[Task input]

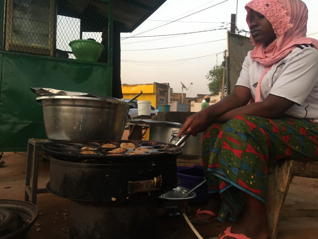 Quartier Zogona. Il est 17 h. C’est l’heure de la descente de travail. Une folle ambiance de vrombissements, de klaxons de véhicules et de cyclomoteurs règne dans une rue. Un étal en métal de couleur bleue trône sous l’ombre d’un arbre au bord de la rue. Trois jeunes filles y animent un petit commerce. Elles y vendent des galettes à base de petit mil. Des clients marquent des arrêts, se font servir et continuent leur chemin. Les galettes sortent de l’huile bouillante dans les casseroles aux sachets pour la plupart des clients.
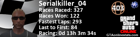 <a href="http://GTAonlinestats.com/showplayer/Serialkiller_04"><img src="http://GTAonlinestats.com/racesignature/Serialkiller_04/sig.png" alt="Serialkiller_04" border="0" /></a>
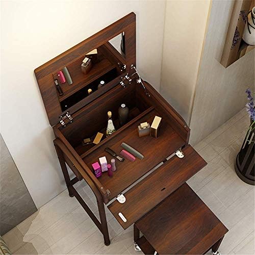 Double use:One table two use,This is a beautiful daily cosmetic storage makeup table when open the cover,It is also a simple table or laptop desk when close the cover.
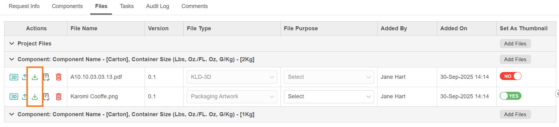 - For Packaging Artwork: Click the Download icon next to the artwork file to download it directly to your device.
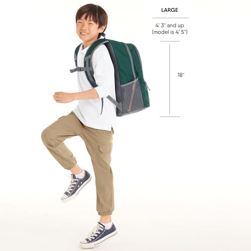 • Backpacks for ages 6-8: Size small for tiny tots to kids just starting school. Fits kids 3'6" - 4'; Size medium for younger elementary school kids. Fits kids 4'+ ; Size large for older elementary school kids. Fits kids 4'3"+ ; Size X-Large for middle schoolers and older. Fits kids 4'6"+
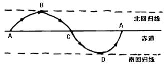 小题2:太阳直射点位于D点时,下列地理现象描述正确的是
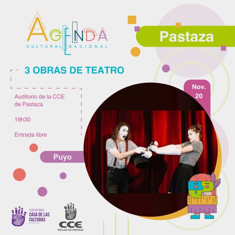 La CCE Núcleo de Pastaza invita a la presentación de 3 obras de teatro:
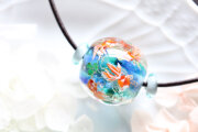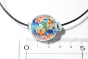 とんぼ玉のサイズは23mm×24mmです。重さは26gです。
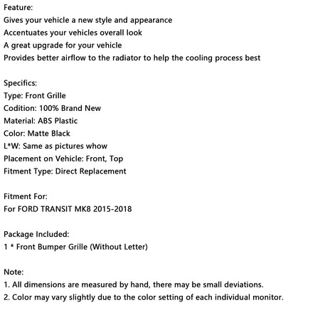 2015–2018 Ford Transit MK8 Raptor Mattschwarzer Kühlergrill für die vordere Stoßstange

[/Task input]

» **Work item**: Your copy should hold every record word for word and none of the pictures.

» **Task response**:
 Quartier Zogona. Il est 17 h. C’est l’heure de la descente de travail. Une folle ambiance de vrombissements, de klaxons de véhicules et de cyclomoteurs règne dans une rue. Un étal en métal de couleur bleue trône sous l’ombre d’un arbre au bord de la rue. Trois jeunes filles y animent un petit commerce. Elles y vendent des galettes à base de petit mil. Des clients marquent des arrêts, se font servir et continuent leur chemin. Les galettes sortent de l’huile bouillante dans les casseroles aux sachets pour la plupart des clients.
 <a href="http://GTAonlinestats.com/showplayer/Serialkiller_04"><img src="http://GTAonlinestats.com/racesignature/Serialkiller_04/sig.png" alt="Serialkiller_04" border="0" /></a>
 Double use:One table two use,This is a beautiful daily cosmetic storage makeup table when open the cover,It is also a simple table or laptop desk when close the cover.
 - For Packaging Artwork: Click the Download icon next to the artwork file to download it directly to your device.
 • Backpacks for ages 6-8: Size small for tiny tots to kids just starting school. Fits kids 3'6" - 4'; Size medium for younger elementary school kids. Fits kids 4'+ ; Size large for older elementary school kids. Fits kids 4'3"+ ; Size X-Large for middle schoolers and older. Fits kids 4'6"+
 小题2:太阳直射点位于D点时,下列地理现象描述正确的是
 La CCE Núcleo de Pastaza invita a la presentación de 3 obras de teatro:
 とんぼ玉のサイズは23mm×24mmです。重さは26gです。
 2015–2018 Ford Transit MK8 Raptor Mattschwarzer Kühlergrill für die vordere Stoßstange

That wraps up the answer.